Данила долго смотрел на меня, потом начал хохотать.

- Да ты псих.

- Рад стараться.

Я вскипятил кофе. Мы выпили его, обжигаясь. Данила собрался домой и уже у дверей сказал:

- Нет, ты точно спятил. Тебе нужно развеяться. Обещай, что завтра пойдёшь со мной в "Звезду".

"Звезда" - ночной клуб, завсегдатаем которого с недавних времён сделался Данила. Кажется, с тех пор, как познакомился с двумя танцовщиками, похожими на Иисуса. Я терпеть не мог подобные заведения - что-то среднее между борделем и музеем, где выставляет себя напоказ городская богема.

- Обещаю.

Этот ответ Даниле не понравился, ибо он психологически уже настроился на длительные уговоры. Покачав головой, он удалился в сторону лифта.

- Не нравится мне всё это, - услышал я и закрыл дверь.

Потом лёг на диван в тёмной комнате и попытался представить, как учат все эти мудрёные книжки про медитации, что моё тело пронизывает светлый луч, несущий спокойствие. "Моя правая рука расслаблена, - припомнил я, - моя левая рука расслаблена, моим ногам тоже всё до фени, отдыхает голова, разглаживаются морщины, мозг работает в режиме автопилота. И лежу я - такой глупый, тёплый, посреди декабрьской сутолоки в исторический момент времени. Лежу, не пытаясь откопать под снегами корень зла, пью вместе со всеми настойки из этого корня, отказываюсь обсуждать, почему этот напиток так горчит. Иными словами, совершаю древний обычай умывания рук..."

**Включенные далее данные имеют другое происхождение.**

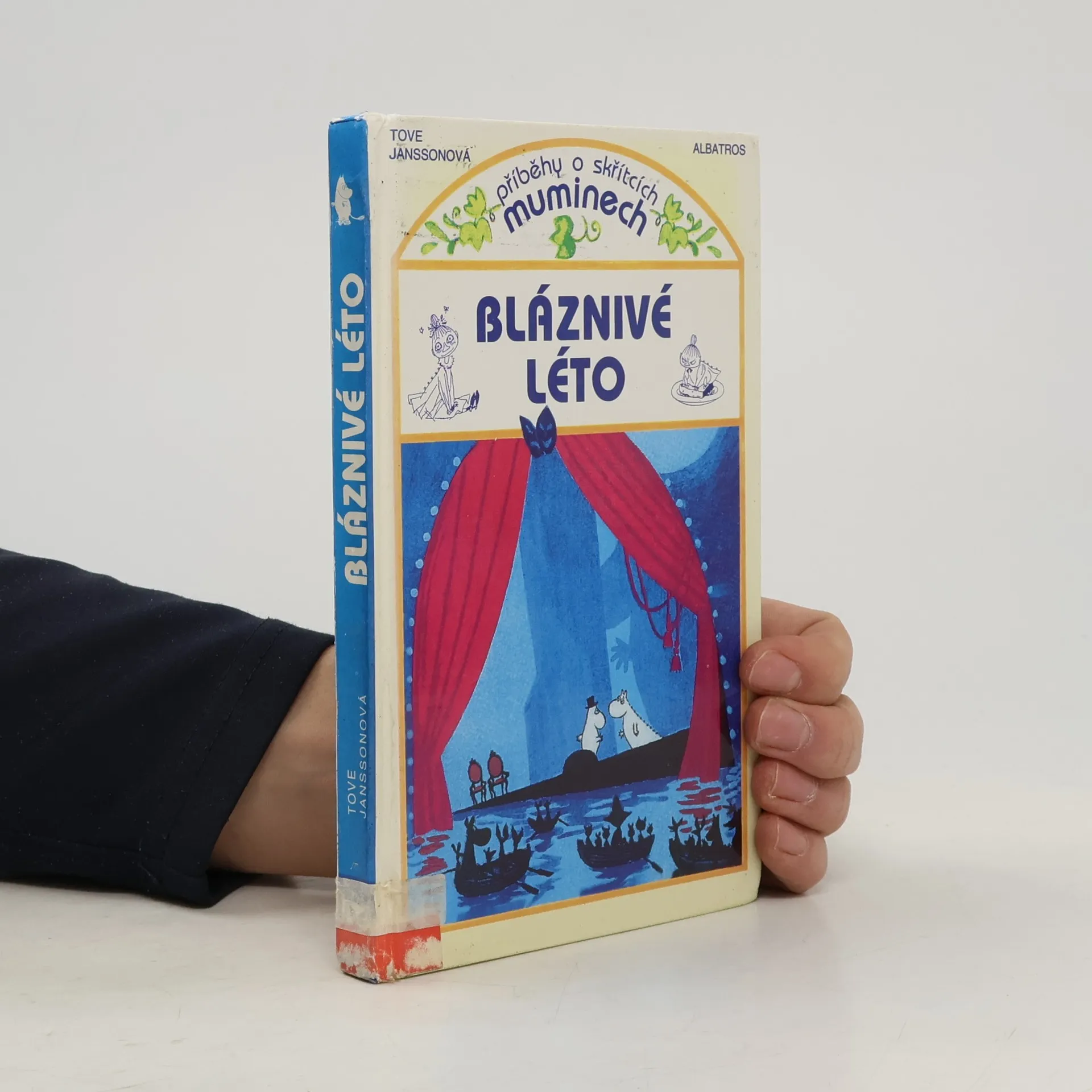 Nad muminím údolím se tyčí zdánlivě nečinná sopka. Jenže onoho léta začala dýmat a chrlit sazi za sazí. Během jediné noci popraskala zem a velká voda zaplavila údolí široko daleko. Ačkoliv mumínky připravila o jejich útulný domeček, nestýskají si a jdou (vlastně plují) vstříc novému dobrodružství. Šťastná náhoda jim přeje, bez přístřeší nezůstávají dlouho. Leč jaký tajuplný dům voda přinesla? Uvnitř se skrývá nespočet předmětů, které nejsou tím, čím se zdají být - dveře z papíru, ve vzduchu končící schody, jablka ze sádry. Až uražená krysa Ema jim prozradí, že se ocitli ve slavném divadle. Léto to bude hravé, vskutku víc než bláznivé.

Спустя два часа я почувствовал, что мне необходимо вырваться из квартиры, покинуть затхлую атмосферу собственных мыслей. Одеваясь, понял вдруг, насколько мало людей, к которым я сейчас могу пойти. Меня никто не ждал, и из них лишь единицы приняли бы меня с искренней радостью. Они всегда существуют - единицы избранных, единицы самых близких, но идёт время - и они отворачиваются своими остренькими носами или суммируются в десятки, двадцатки... толпы.

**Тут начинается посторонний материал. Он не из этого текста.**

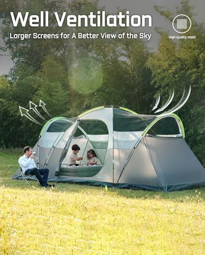 8 Person Larger Extended Dome Camping Tent with 3 Rooms, Waterproof Semi-Freestanding Family Outdoor Tent with Spacious Interior and Mesh Windows
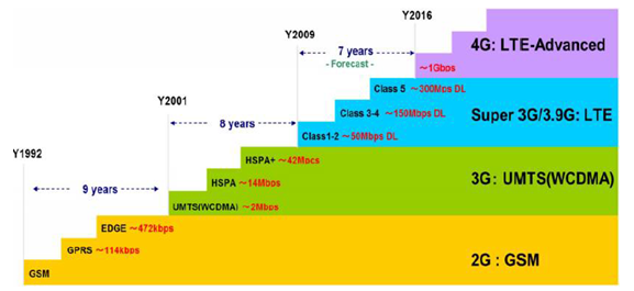 3G到4G的發展歷程中,每2年就會有小的技術升級

Потухший город под поздним снегом не был похож на дневной, с его тысячами ног, рук, глаз и глоток. Его голосовые связки перестроились на шёпот, очертания помутились, словно я смотрел на него сквозь сосульку. Город становился похожим на призрак из ретро-шлягера, на картинку из детской книжки издательства 80-ого года, на бабушкин рассказ. На что угодно, только не на город безумных идей и искажённых лиц. Я шёл и любил этот Город. В этот вечер он был моей единицей - той самой, что всегда рада встрече и угощает, чем может. И город угощал меня снегом, потчевал редкими фонарями, глухими проулками. Я вёл себя с ним как старинный приятель, спустя десяток лет забежавший на огонёк - сидел неловко на краю тротуара, несмело курил, словно вернувшись из детства, пинал пустую банку носком ботинка.

Конец света придумали люди, с тоской подумал я. Ох, и изобретатели же они! Золотой век канонизировать не сумели, Вечное Счастье занесли в Полное Собрание Научной Фантастики, в Бессмертие наловчились метать дротики болезней. Для Апокалипсиса же печатают свежие издания Нового Завета, создают Культ Смерти и в немереных количествах пожирают кагор - кровь Господню.

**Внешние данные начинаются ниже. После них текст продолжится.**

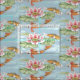 Tecido Azul Tropical Koi & Lotus Fish Pond Watercolor
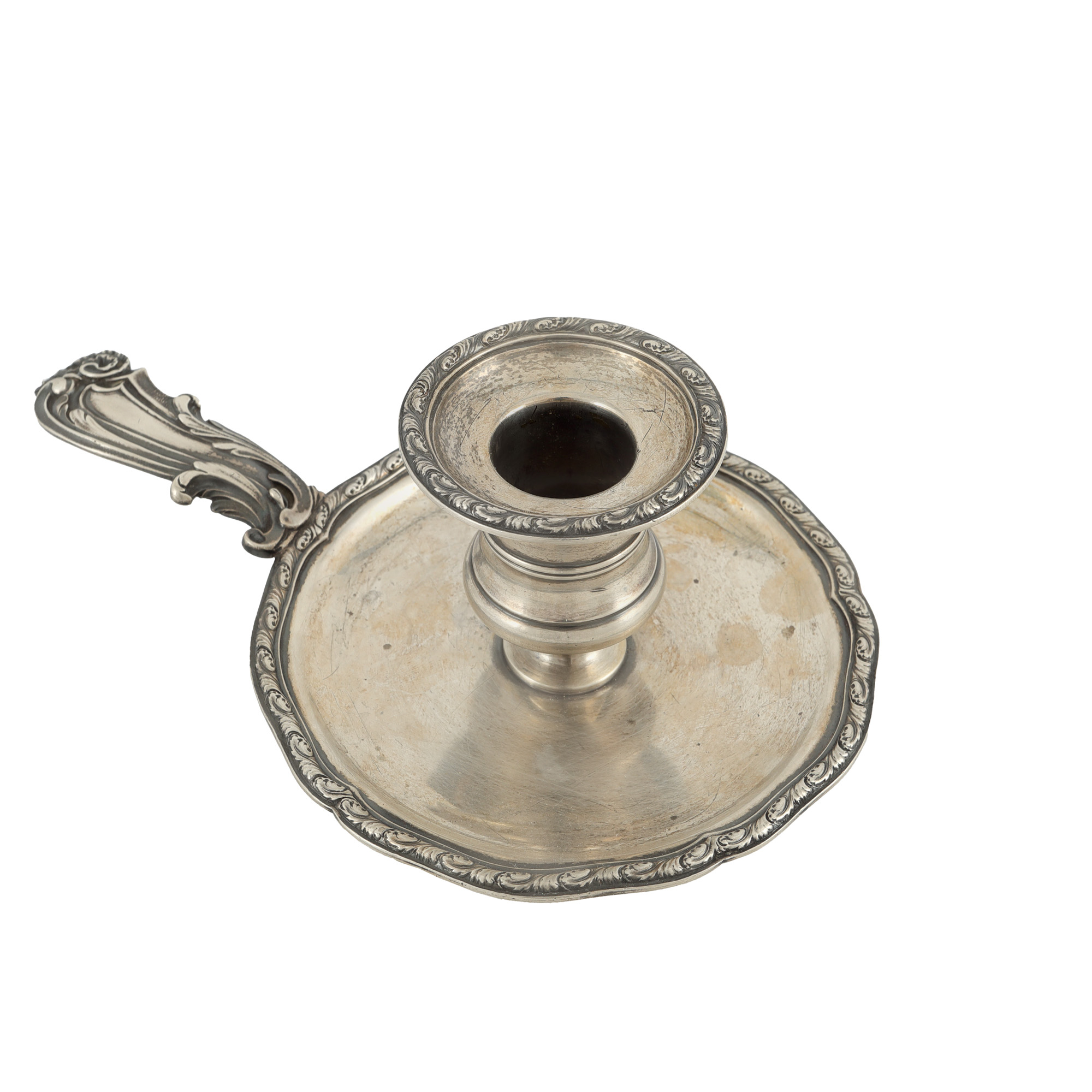 121. Sfeșnic din argint, semnat A. Risler & Carré, cca. 1880, provine din colecția Marinei Dimitropoulos

Когда я возвращался назад, дом встречал меня одним-единственным огнём - это был свет окна моей собственной кухни, который я забыл погасить.

Одурманенный снегом, как вином, я подумал, что этот свет встречает меня - только меня - Бога Квартиры №104, Хозяина и Создателя всего, что находится в ней - стульев, книжных полок и новых обоев в клеточку.

Мне, как Повелителю всего этого великолепия, для пущего веселья оставалось лишь погасить свет - и я сделал это, легко нажав кнопку выключателя. Как просто быть Богом одной отдельно взятой квартиры, подумал я, - незатейливый жест, и тьма по твоему желанию поглощает несколько десятков метров жилой площади.

Засыпал я мучительно. Мне мерещились тени - обитатели прошлого моей квартиры. Они садились на край подушки и делали её горячей и жёсткой. Даже будучи Богом, я ничего не мог с этим поделать. Прошлое всегда сильнее ныне живущих и бодрствующих богов. Закон времени, записанный в несуществующий учебник непройденной школьной программы. Дурной сон...

6.

Весь день 31 декабря я занимался тем, что по локти копался в своём недавнем прошлом - тех неделях, что проскочили мимо, как ребёнок по ледяной дорожке. Совсем недавно я понял, что считать прошлым даже день вчерашний - огромное облегчение для души, особенно если в этот вчерашний день ты дюже напакостил. "Ну, это когда было, - можно сказать всем и себе в отдельности, - дело прошлое..." И - всё. Совесть спокойна, душа - чиста, ты - в настоящем, и прозрачен, как слеза младенца.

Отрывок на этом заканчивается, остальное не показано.